The U.K. Ministry of Defence (MoD) on Monday announced the three competitors to build the planned Type 31e general purpose frigate for the Royal Navy.

The ministry awarded contracts worth up to $6 million to teams led by BAE System, Babcock, and Atlas Elektronik UK to fund the next stage of their plans. The government plans to announce a preferred bidder for the design and manufacture of upward of five frigates at a cost of $1.57 billion by the end of 2019. The Type 31e aims to replace some of the current Type 23 Duke-class frigates.

BAE Systems’ proposed design for the UK Type 31e frigate competition. (Artists concept: BAE Systems)
BAE Systems’ proposed design for the UK Type 31e frigate competition. (Artists concept: BAE Systems)

The first Type 31e is planned to be delivered in 2023. The defense ministry argued the Type 31e program is moving through procurement at an “unprecedented pace” with construction starting three years after program launch, which is “far quicker than similar programmes of this type.”

“This is the first frigate competition the U.K. has run in a generation, and today we are funding three shipbuilding teams with extremely exciting concepts to continue developing their plans,” Stuart Andrew, minister for defence procurement, said in a statement

The MoD is planning for the five Type 31e frigates to join with eight BAE Systems Type 26 Global Combat Ship frigates to help make up the next generation of U.K. Royal Navy ships. The Typ 26 ships will start being delivered in the mid-2020s and will be based in Devonport. The MoD has not yet decided where the Type 31e ships will be based.

Last October, BAE signed a teaming agreement with Cammerll Laird, which would act as the prime contractor to build the ships while BAE provides warship design, engineering capability, and combat systems experience. BAE previously said the arrangements allow it to support the ship while also delivering five Offshore Patrol Vessels and the first three Type 26 firgates on time and on budget (Defense Daily, Oct. 18, 2017).

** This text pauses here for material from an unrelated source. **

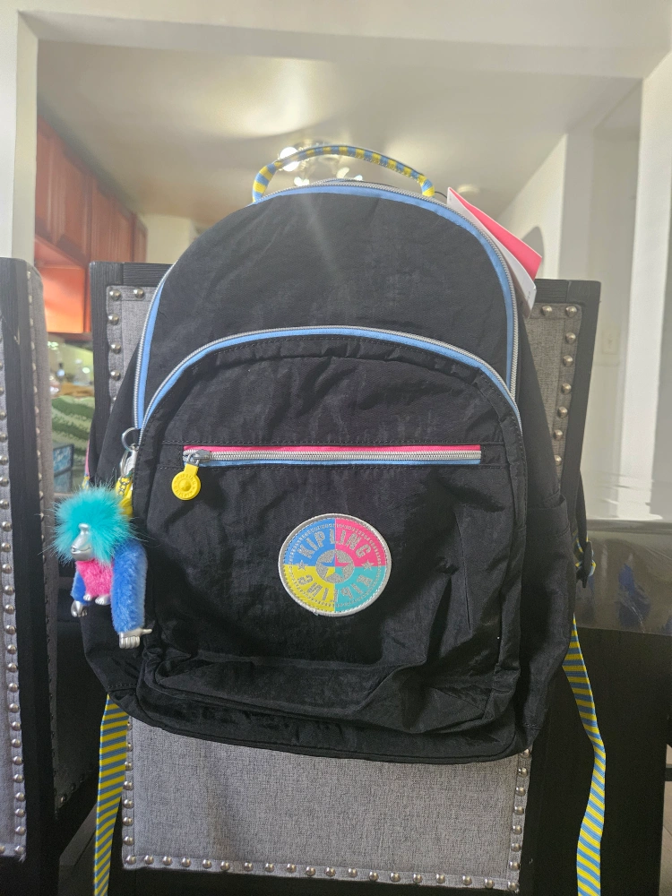 Selling a Kipling Seoul backpack in True Black! It's in great condition and features a roomy design with padded shoulder straps. It has a laptop sleeve and is made with 100% recycled lining. Originally bought for $139
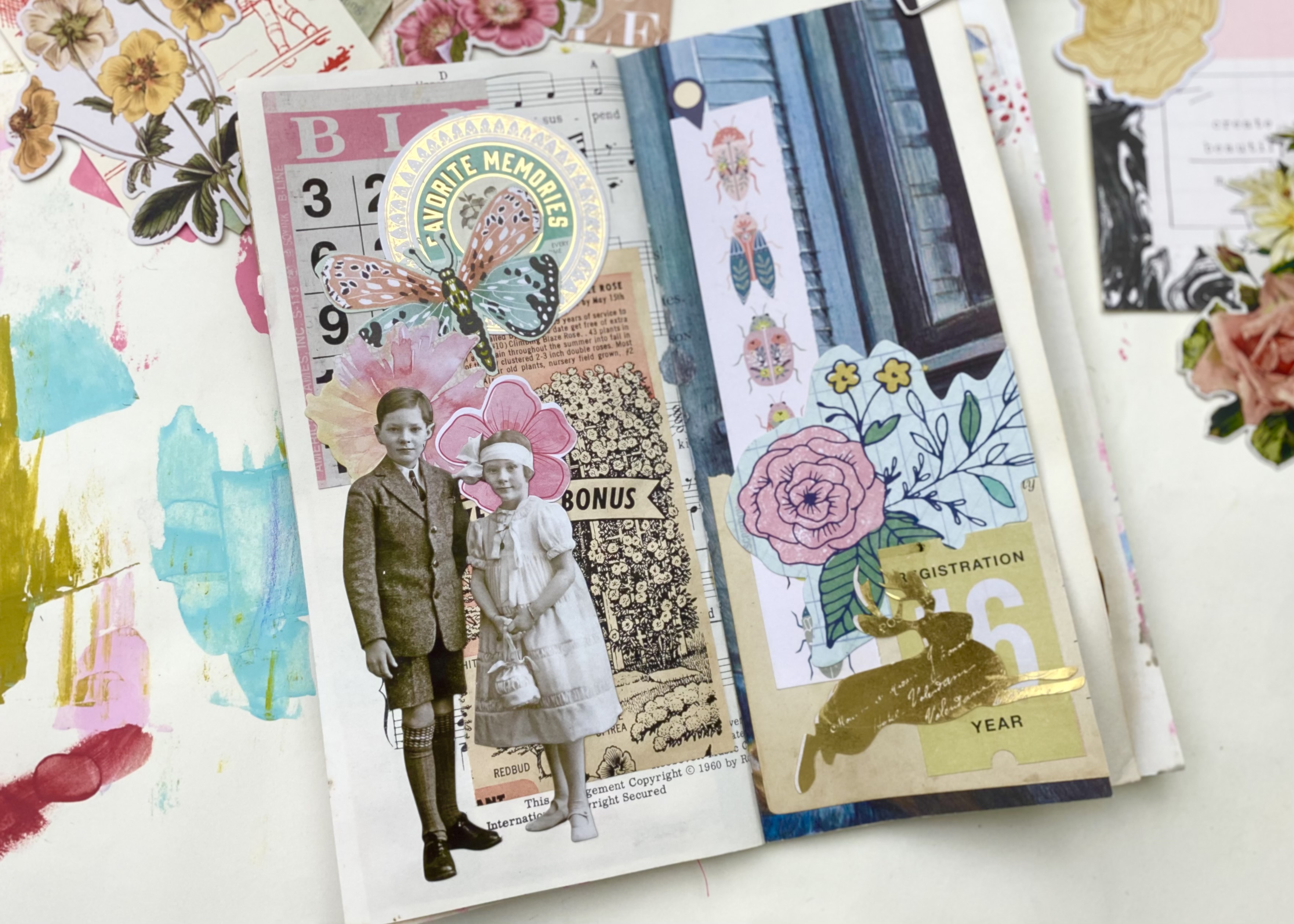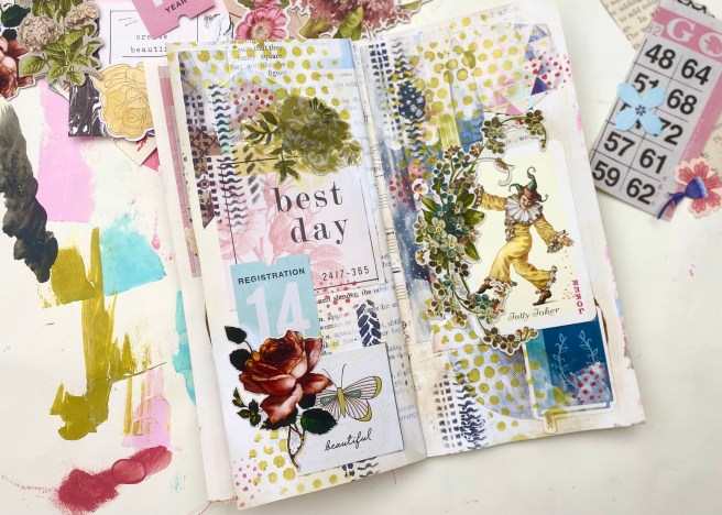 I am happy to say that my box of randomness is getting pretty empty and I’m starting to get into some of my better quality ephemera again. I guess I could just throw stuff away instead of trying to find ways to use it, but I l clearly enjoy a challenge!

This announcement came the same day the newest Royal Navy aircraft carrier, the HMS Queen Elizabeth, returned to its home port of Portsmouth after a successful set of F-35B trials off the East Coast of the U.S. The carrier’s first transatlantic deployment, dubbed WESTLANT 18, started in August and involved two F-35B test aircraft from the Integrated Test Force from Naval Air Station Patuxent River, Md.

During the trials the F-35Bs conducted 202 takeoffs, 187 vertical landings, 15 shipborne vertical landings, and tested weight loading in various weather conditions (Defense Daily, Oct. 1).

“The WESTLANT 18 deployment has been a real success; and let’s not forget that we are just a year on from the ship being commissioned and accepted into service,” Queen Elizabeth Commander Capt. Nick Cooke Priest, said in a statement. Priest assumed command from Rear Adm. Jerry Kyd during the carrier’s visit to New York following the trials and before its return to the U.K.

“The main effort – Fixed Wing Flying trials have delivered outstanding results, which is testament to the co-operation, hard work and dedication of both the Ship’s company and the U.S. Integrated Test Force, assisted by the U.S. Navy and U.S. Marine Corps. Their combined efforts have put us in an excellent starting position for next year’s Operational Testing,” Priest added.